Несмотря на возраст и пристрастие в водке, Колян отрывался от меня все дальше и дальше. Когда Тихон остановился на верхней площадке и завозился с ключами, Куцапов уже добрался до предпоследнего пролета. Теперь их разделяло всего пятнадцать-двадцать ступеней, и Тихон не успевал ни укрыться в квартире, ни включить синхронизатор.
– Вот ты и кончился, гнида! – Колян торжественно поднял пистолет, и я увидел, как его палец тянет спусковой крючок.
– В ноги! – Крикнул я, с ужасом осознавая, что опоздал.
Куцапов его пристрелит, на слэнге Сопротивления – казнит, и будет по-своему прав, но кто же тогда распутает узлы, завязанные Тихоном, кто размотает этот смертельный клубочек?
С гибелью Тихона стабилизируется нынешняя версия истории, но что это будет за стабильность? Неизбежный конфликт с Прибалтикой, неминуемый мировой кризис, неотвратимая гибель страны. Все останется как есть: три войны и маленький бункер в тридцать восьмом году, где горстка идеалистов, или эгоистов, или безумцев нянчит мечту о «новом пути». Для чего мы его искали – чтоб не позволить сделать еще хуже? В нашем случае между «плохо» и «очень плохо» нет никакой разницы.
Постой, Колян, не стреляй, бессильно подумал я. Мы не можем убивать Тихона. И отпустить не можем. Зажали в углу, как два инвалида девицу, а зачем?
Куцапов выстрелил – прямо в сердце. Я не разглядел летящей пули, но зато видел его глаза и то, как медленно он моргнул, отпуская Тихону грехи.
В каменном мешке лестничной клетки хлопок показался оглушительным. Тихон даже не шелохнулся.
Колян промахнулся с пяти метров. Я не мог в это поверить. Тихон по-прежнему стоял у двери, только за один миг, на который я выпустил его из вида, он успел переодеться: ноги зашнуровались в высокие ботинки с толстой подошвой, а на теле появилась неподходящая для сентября летняя рубашка, наполовину пропитанная кровью. Его правая рука висела плетью, а левая сжимала знакомое по прошлой встрече ружье.
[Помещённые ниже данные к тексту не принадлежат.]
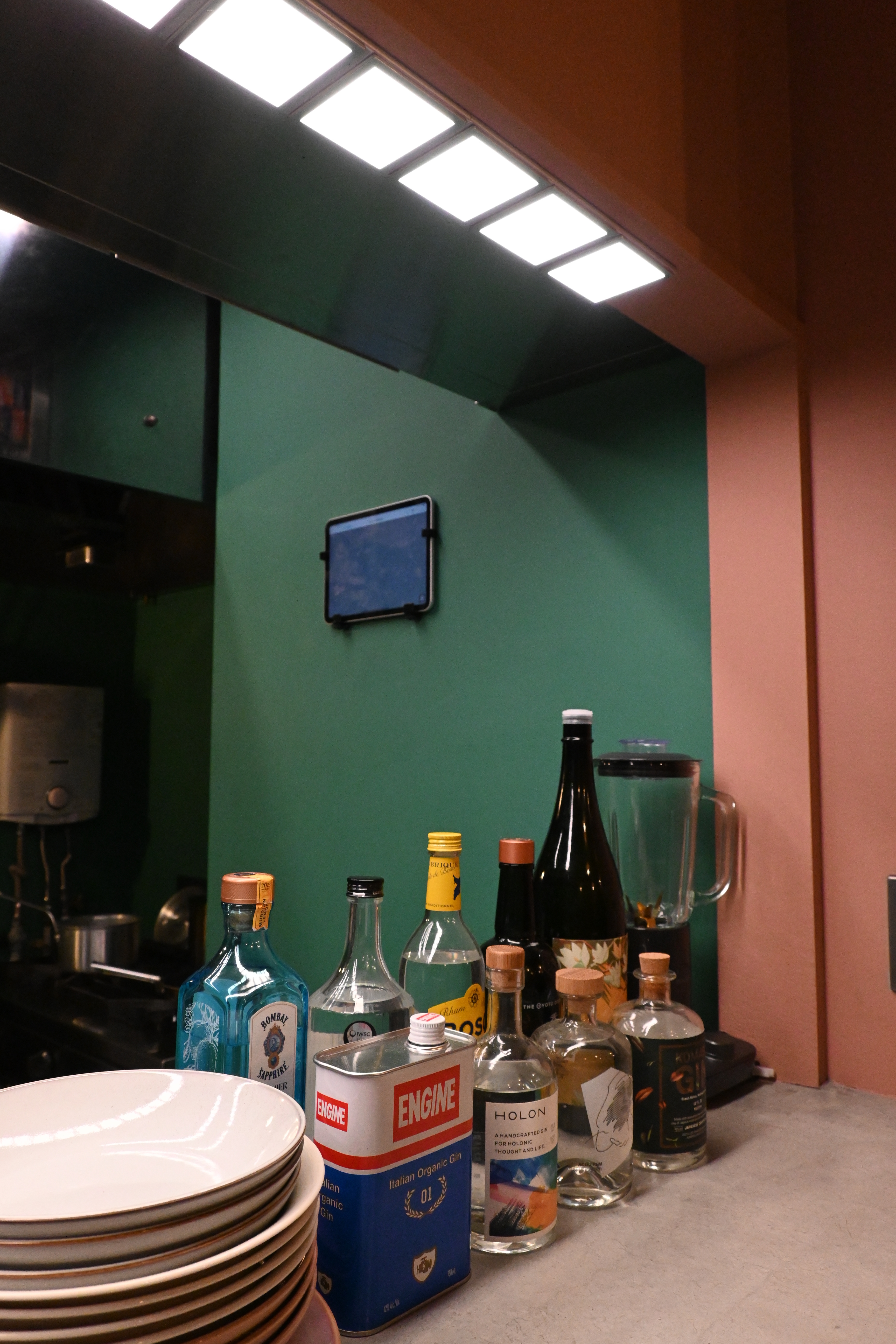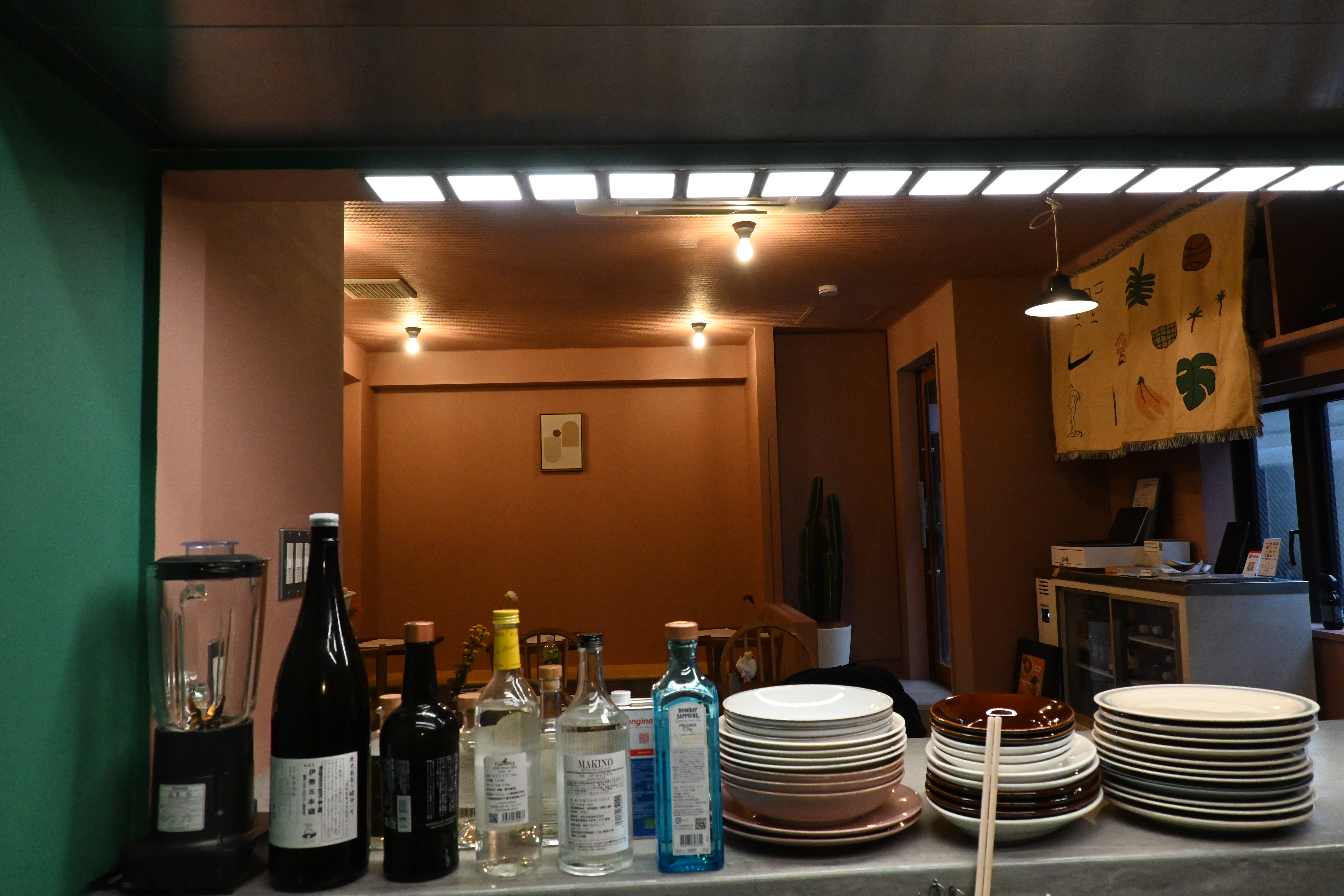 面発光のやわらかな光、自然光に近い高い演色性、影や反射を抑える低反射特性により、料理がより美味しそうに見えるだけでなく、壁紙の緑色も一層鮮やかに映えるようになりました。

Из-за его спины вышел другой Тихон – в черном плаще, и он тоже держал пулемет. После бега по лестнице его голос был на удивление ровным:
– Кто из нас кончился?
Что же Колян не стреляет, терзался я. И, посмотрев на пистолет в его широкой ладони, сообразил: стреляет. Вихрь чувств, прокрутившийся в мозгу, уложился в то время, за которое патрон выщелкивается из обоймы. Я знал: Колян стреляет, потому что теперь у него не осталось выбора, я бы и сам сделал то же – когда у меня будет свое оружие?! – ну что же он так медленно, ну давай же, дава-а-ай!!
С верхней площадки раздался парный свист, и из обоих стволов выскочили початки желтого пламени. Воздух проткнули две светящихся спицы.
Что же он?!
Нас поливали огнем, а мы стояли как истуканы и завороженно наблюдали собственную смерть. Куцапов со своим пистолетом против двух плотных очередей выглядел неандертальцем. Он пальнул два или три раза – бестолку.
По ступенькам быстрым, полноводным ручьем стекало что-то вязкое, на воду совсем не похожее. Посередине лестничного пролета мелькала серая тень, слишком скорая и бледная, чтобы ее можно было с чем-то сравнить. Вокруг колыхалось зыбкое марево открытой дыры, подкрашенное желтым сиянием. Поглощая две огненных нити, дыра равномерно выплескивала кровь, словно доказывала правильность Закона Сохранения.
Откуда? Столько? Крови!!
Куцапов не падал. Да ведь он давно уже мертв! Никто не может выстоять под двумя очередями. Пойте сладкую песню о бронежилетах, мастера телевизионного экшен! Где взять столько кевлара, чтоб удержать двести-триста пуль, выпущенных в упор?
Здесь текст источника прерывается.